Pijany przyjechał do baru samochodem na piwo, zareagowali świadkowie
15:01 09-06-2021
Do zdarzenia doszło wczoraj w jednym z barów na terenie Świdnika. Policjanci otrzymali zgłoszenie, z którego wynikało, że samochodem przyjechał tam na piwo nietrzeźwy mężczyzna.
Na miejscu mundurowi zastali 37-letniego mieszkańca Świdnika, który będąc nietrzeźwy chciał odjechać spod lokalu swoim samochodem. Świadkowie będący na miejscu zabrali mu kluczyki i wezwali policję. Badanie alkomatem wykazało, że mężczyzna miał 2,8 promila alkoholu w organizmie.
Policjanci ustalili, że 37-latek wszedł do baru pod widocznym działaniem alkoholu. Tam zamówił piwo i zaczął się awanturować. Jak się okazało mężczyzna na miejsce dotarł za kierownicą swojego samochodu.
Mężczyzna trzeźwieje w policyjnej izbie zatrzymań. Policjanci będą prowadzić postępowanie i sprawdzać jaki był stan trzeźwości mężczyzny w momencie kierowania przez niego samochodem. Za jazdę w stanie nietrzeźwości grozi do dwóch lat pozbawienia wolności.
(fot. pixabay.com)
Typowy rowerzysta. Przyjechał by rowerem, gdyby nie to, że był zbyt pijany na jazdę jednośladem.

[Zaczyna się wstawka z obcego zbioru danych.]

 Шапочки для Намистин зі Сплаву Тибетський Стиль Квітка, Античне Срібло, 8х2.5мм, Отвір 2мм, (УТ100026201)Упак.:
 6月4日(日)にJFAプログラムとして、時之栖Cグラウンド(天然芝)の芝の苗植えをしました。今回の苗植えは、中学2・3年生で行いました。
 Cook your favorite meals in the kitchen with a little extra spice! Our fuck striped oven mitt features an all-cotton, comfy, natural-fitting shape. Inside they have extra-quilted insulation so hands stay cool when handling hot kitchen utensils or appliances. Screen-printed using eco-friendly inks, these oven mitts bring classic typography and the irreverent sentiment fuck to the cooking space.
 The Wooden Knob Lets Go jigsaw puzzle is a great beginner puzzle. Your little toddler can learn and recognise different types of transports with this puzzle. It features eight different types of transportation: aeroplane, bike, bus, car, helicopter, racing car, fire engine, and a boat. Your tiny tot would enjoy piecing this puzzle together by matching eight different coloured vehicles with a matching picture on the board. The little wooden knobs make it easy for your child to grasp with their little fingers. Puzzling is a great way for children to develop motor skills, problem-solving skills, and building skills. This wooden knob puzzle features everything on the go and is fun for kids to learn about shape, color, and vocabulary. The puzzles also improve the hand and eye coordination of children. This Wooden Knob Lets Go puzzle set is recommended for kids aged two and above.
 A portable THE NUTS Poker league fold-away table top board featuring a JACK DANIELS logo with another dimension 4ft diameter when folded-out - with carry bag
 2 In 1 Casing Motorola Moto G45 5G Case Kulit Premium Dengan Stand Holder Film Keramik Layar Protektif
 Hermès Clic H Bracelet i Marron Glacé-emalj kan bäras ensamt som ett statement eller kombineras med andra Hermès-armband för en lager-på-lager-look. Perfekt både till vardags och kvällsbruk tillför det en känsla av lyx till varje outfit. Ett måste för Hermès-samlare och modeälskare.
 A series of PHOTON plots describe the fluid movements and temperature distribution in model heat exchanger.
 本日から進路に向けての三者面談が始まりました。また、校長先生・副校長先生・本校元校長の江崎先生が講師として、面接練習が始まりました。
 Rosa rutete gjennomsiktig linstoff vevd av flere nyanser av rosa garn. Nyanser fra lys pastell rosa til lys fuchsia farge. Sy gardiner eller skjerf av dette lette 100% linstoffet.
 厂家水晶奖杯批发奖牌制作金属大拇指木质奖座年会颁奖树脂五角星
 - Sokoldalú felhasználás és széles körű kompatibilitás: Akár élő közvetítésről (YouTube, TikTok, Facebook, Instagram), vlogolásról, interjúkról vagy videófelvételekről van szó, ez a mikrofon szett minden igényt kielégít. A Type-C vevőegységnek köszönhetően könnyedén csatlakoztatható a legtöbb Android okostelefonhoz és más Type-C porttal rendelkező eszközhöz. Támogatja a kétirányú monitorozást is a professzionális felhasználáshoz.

Napiętnujecie pijaczynę, a ciekawe ilu z Wam zdarzyło się jechać na rowerze wokół zalewu po kilku piwach. Po chodniku, bez kasku, bez dzwonka w rowerze, bez tablic, bez OC, bez kamizelki. Myślicie, że powodujecie taką jazdą mniejsze zagrożenie? A to wszystko nawet bez Karty Rowerowej, lecz na jakimś marnym Prawie Jazdy kategorii: B.
Zgadza się chopie. Po niedzielnej mszy szwadrony ;;prawdziwych polaków” ruszyły wykonywać swoje polecenia.
Stop frajerom.
Nie popieram pijaństwa za kierownicą,ale o ile gość nie został złapany na gorącym uczynku czyli w stanie nietrzeźwości za kierownicą to.dobry adwokat powinien wybronić go bez problemu.
Wystarczą świadkowie.
Patolu ten twój ziomal może cię kiedyś za********. Piwo napój plebsu i alkoholików.
Tiaaa…. Dobry adwokat, za duże pieniądze?
Dojeździł się pijany plebs.
Polska język – trudna język …
„Pijany przyjechał do baru samochodem na piwo, zareagowali świadkowie” – jaki samochód jest „na piwo”?
Jakiś ekologiczny?
Franek ,bo ten co przejechał koło zalewu rowerem po kilku piwach zachowywał się mądrze i roztropnie, ogólnie grzecznie.A co ten zrobił że Świdnika.Podjechal sobie ostentacyjnie pod bar,po chamsku się zaczął tam zachowywać.Jemu się wydawało, że to on rządzi światem i że ludzie powinni mu bić brawo , że jest taki wspaniały debeściak.Dlatego właśnie alkohol jest dla ludzi mądrych!
Wyborca peło.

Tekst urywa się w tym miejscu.